Studio album by Foreigner
- Released: June 24, 1991
- Recorded: 1990
- Studios: BearTracks (Suffern, New York); Right Track (New York City); The Farmyard (Little Chalfont, England); Outside Studio (Hook End Manor, England);
- Genres: Hard rock; pop rock;
- Length: 51:30
- Label: Atlantic
- Producers: Terry Thomas; Mick Jones;

Foreigner chronology
| Inside Information (1987) | Unusual Heat (1991) | The Very Best ... and Beyond (1992) |

Singles from Unusual Heat
- "Lowdown and Dirty" Released: June 10, 1991; "I'll Fight for You" Released: August 1991;

= Unusual Heat =

Unusual Heat is the seventh studio album by British-American rock band Foreigner, released in June 1991 by Atlantic Records. Recorded at several different studios across the state of New York and England, and produced by Terry Thomas and Mick Jones, it was the only album with lead singer Johnny Edwards, who replaced original lead singer Lou Gramm, and their final album with original drummer Dennis Elliott and longtime bassist Rick Wills.

==Background==
Edwards was a veteran singer who performed with Montrose and later fronted Wild Horses.

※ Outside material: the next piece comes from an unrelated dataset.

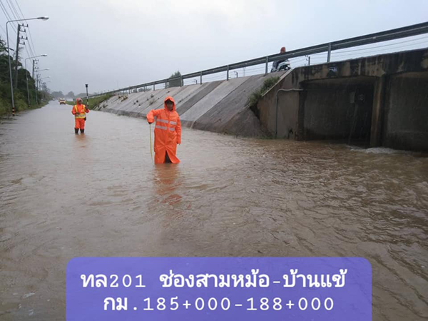 - ทล.201 ช่องสามหมอ-บ้านแข้ กม. 185+000-185+300 (จุดกลับรถใต้สะพาน) ระดับน้ำสูง 20-60 ซม.
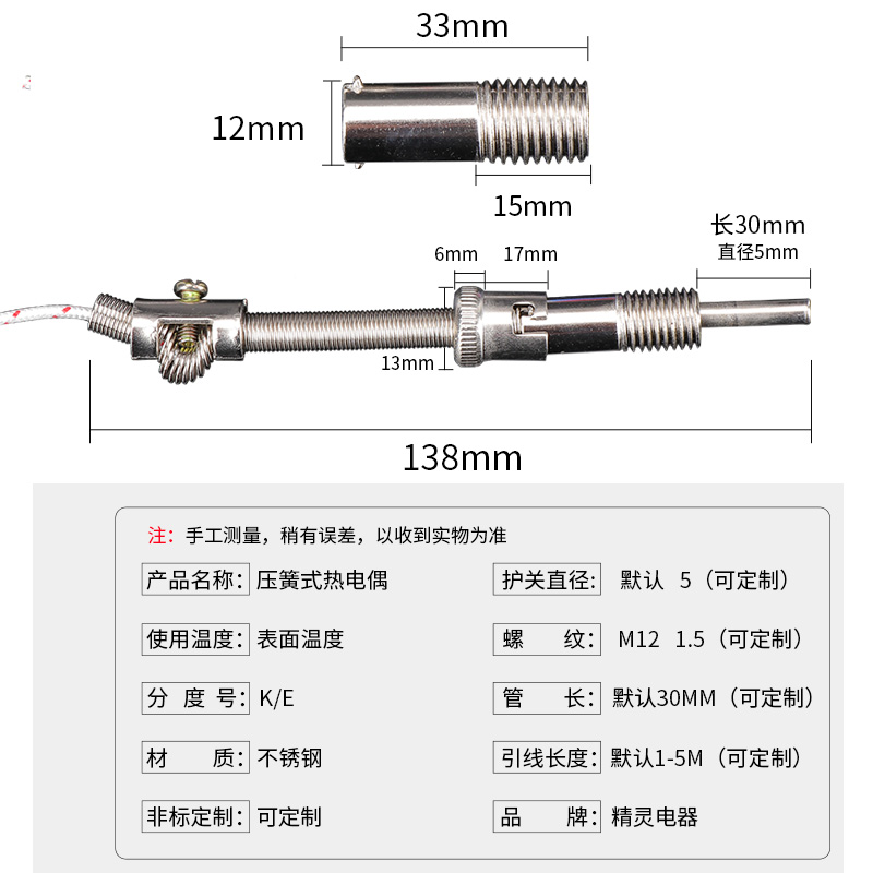 Spring-type thermocouple K type E line thermometers monitor temperature sensor fast thermometric catch-up high temperature induction needle

As Edwards told Ultimate Classic Rock in a separate interview, Wild Horses had only just signed its record deal — and although joining for Foreigner was obviously tempting for financial reasons if nothing else, he was reluctant to walk away from his own band after struggling for years to make it on his own terms.

Jones, however, was undeterred—and eager to work with a singer most fans hadn't heard of rather than hiring a big-name replacement who'd come with his own baggage. "We were in rehearsal and talks with a couple of guys who were both strong candidates and had kind of a name," he admitted. "I felt eventually that it was probably going to be better to not try and put an all-star band together, but to keep on the same kind of path with four people being involved in making a record and not really, I think I would probably say, cheapening the band at that point—cheapening the meaning and the direction of the band."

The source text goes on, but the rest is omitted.